-------- Input data --------

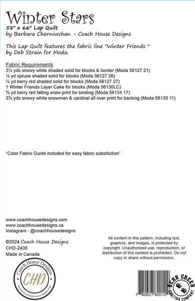 Winter Stars Quilt Pattern View Larger Image Price: SALE $8.39 6 item(s) available. Item # PTN-CHD-2435 | Reg. $11.99 Tweet Pin It Winter Stars Quilt PatternFeaturing the Winter Friends fabric collection by Moda. Pattern and instructions; fabric not included Finished size is 58 inches by 66 inches Designed by Barb Cherniwchan Published by Coach House Designs Copyright 2025 Related Products Moda Winter Friends 108 Inch Wide Backing Fabric Falling Snow Charcoal Black Item # BACKING-108030-18 | Reg. $21.99 SALE from $15.39 Moda Winter Friends Falling Snow Charcoal Black Item # 56134-18 | Reg. $12.49 SALE from $8.74 Moda Winter Friends Shaded Solid Spruce Item # 56127-26 | Reg. $12.49 SALE from $8.74 Moda Winter Friends Stacked Snowmen Berry Red Item # 56135-17 | Reg. $12.49 SALE from $8.74 Moda Winter Friends Stacked Snowmen Charcoal Black Item # 56135-18 | Reg. $12.49 SALE from $8.74 Moda Winter Friends Stacked Snowmen Fog Item # 56135-12 | Reg. $12.49 SALE from $8.74 Moda Winter Friends Tossed Trees Charcoal Black Item # 56136-18 | Reg. $12.49 SALE from $8.74 Moda Winter Friends Tossed Trees Snowy White Item # 56136-11 | Reg. $12.49 SALE from $8.74 Moda Winter Friends Winter Damask Berry Red Item # 56133-17 | Reg. $12.49 SALE from $8.74 Moda Winter Friends Winter Damask Snowy White Item # 56133-11 | Reg. $12.49 SALE from $8.74 Moda Winter Friends Winter Damask Spruce Item # 56133-16 | Reg. $12.49 SALE from $8.74 Moda Winter Friends Winter Plaid Berry Red Item # 56137-17 | Reg. $12.49 SALE from $8.74 Moda Winter Friends Winter Plaid Charcoal Black Item # 56137-18 | Reg. $12.49 SALE from $8.74 Moda Winter Friends Winter Plaid Spruce Item # 56137-16 | Reg. $12.49 SALE from $8.74 Winter Friends Fat Quarter Bundle by Moda Item # 56130AB | Reg. $139.99 SALE from $97.99 Winter Friends Jelly Roll by Moda Item # 56130JR | Reg. $44.99 SALE from $31.49
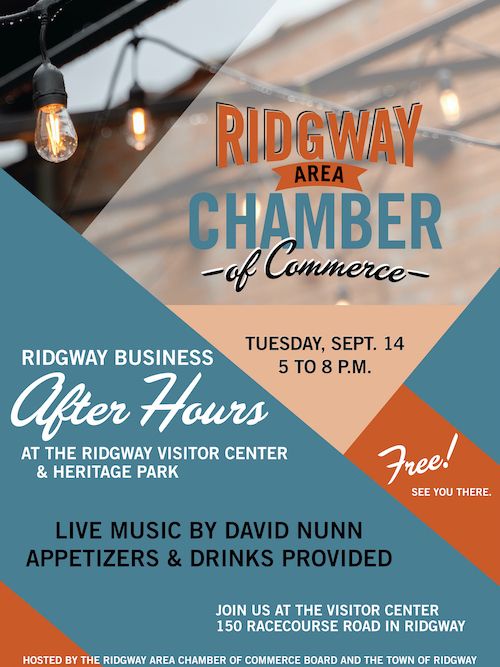 The business community is invited to view the current changes and learn about future plans at the Ridgway Business After Hours at the Ridgway Visitor Center and Heritage Park at 150 Racecourse Rd. Hosted by the Ridgway Area Chamber of Commerce (RACC) Board and the Town of Ridgway, the event on Tuesday, September 14 from 5 to 8 p.m. is also an opportunity for networking and celebrating the efforts of the Visitor Center volunteer staff who provided information to visitors all summer.
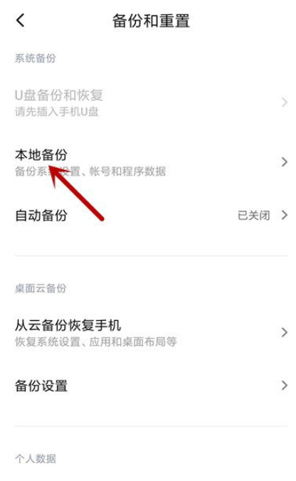 進入以下界面,找到并點擊【備份和重置】,選擇【本地備份】功能,
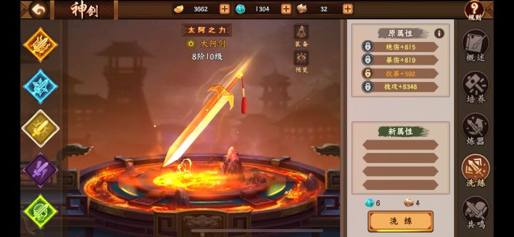 神剑养成分为:培养、炼器、洗练、共鸣。神剑培养

--------

Exercise brief: Go through the data above and transcribe it in full, omitting any image.

Result of this exercise:
 Winter Stars Quilt Pattern View Larger Image Price: SALE $8.39 6 item(s) available. Item # PTN-CHD-2435 | Reg. $11.99 Tweet Pin It Winter Stars Quilt PatternFeaturing the Winter Friends fabric collection by Moda. Pattern and instructions; fabric not included Finished size is 58 inches by 66 inches Designed by Barb Cherniwchan Published by Coach House Designs Copyright 2025 Related Products Moda Winter Friends 108 Inch Wide Backing Fabric Falling Snow Charcoal Black Item # BACKING-108030-18 | Reg. $21.99 SALE from $15.39 Moda Winter Friends Falling Snow Charcoal Black Item # 56134-18 | Reg. $12.49 SALE from $8.74 Moda Winter Friends Shaded Solid Spruce Item # 56127-26 | Reg. $12.49 SALE from $8.74 Moda Winter Friends Stacked Snowmen Berry Red Item # 56135-17 | Reg. $12.49 SALE from $8.74 Moda Winter Friends Stacked Snowmen Charcoal Black Item # 56135-18 | Reg. $12.49 SALE from $8.74 Moda Winter Friends Stacked Snowmen Fog Item # 56135-12 | Reg. $12.49 SALE from $8.74 Moda Winter Friends Tossed Trees Charcoal Black Item # 56136-18 | Reg. $12.49 SALE from $8.74 Moda Winter Friends Tossed Trees Snowy White Item # 56136-11 | Reg. $12.49 SALE from $8.74 Moda Winter Friends Winter Damask Berry Red Item # 56133-17 | Reg. $12.49 SALE from $8.74 Moda Winter Friends Winter Damask Snowy White Item # 56133-11 | Reg. $12.49 SALE from $8.74 Moda Winter Friends Winter Damask Spruce Item # 56133-16 | Reg. $12.49 SALE from $8.74 Moda Winter Friends Winter Plaid Berry Red Item # 56137-17 | Reg. $12.49 SALE from $8.74 Moda Winter Friends Winter Plaid Charcoal Black Item # 56137-18 | Reg. $12.49 SALE from $8.74 Moda Winter Friends Winter Plaid Spruce Item # 56137-16 | Reg. $12.49 SALE from $8.74 Winter Friends Fat Quarter Bundle by Moda Item # 56130AB | Reg. $139.99 SALE from $97.99 Winter Friends Jelly Roll by Moda Item # 56130JR | Reg. $44.99 SALE from $31.49
 The business community is invited to view the current changes and learn about future plans at the Ridgway Business After Hours at the Ridgway Visitor Center and Heritage Park at 150 Racecourse Rd. Hosted by the Ridgway Area Chamber of Commerce (RACC) Board and the Town of Ridgway, the event on Tuesday, September 14 from 5 to 8 p.m. is also an opportunity for networking and celebrating the efforts of the Visitor Center volunteer staff who provided information to visitors all summer.
 進入以下界面,找到并點擊【備份和重置】,選擇【本地備份】功能,
 神剑养成分为:培养、炼器、洗练、共鸣。神剑培养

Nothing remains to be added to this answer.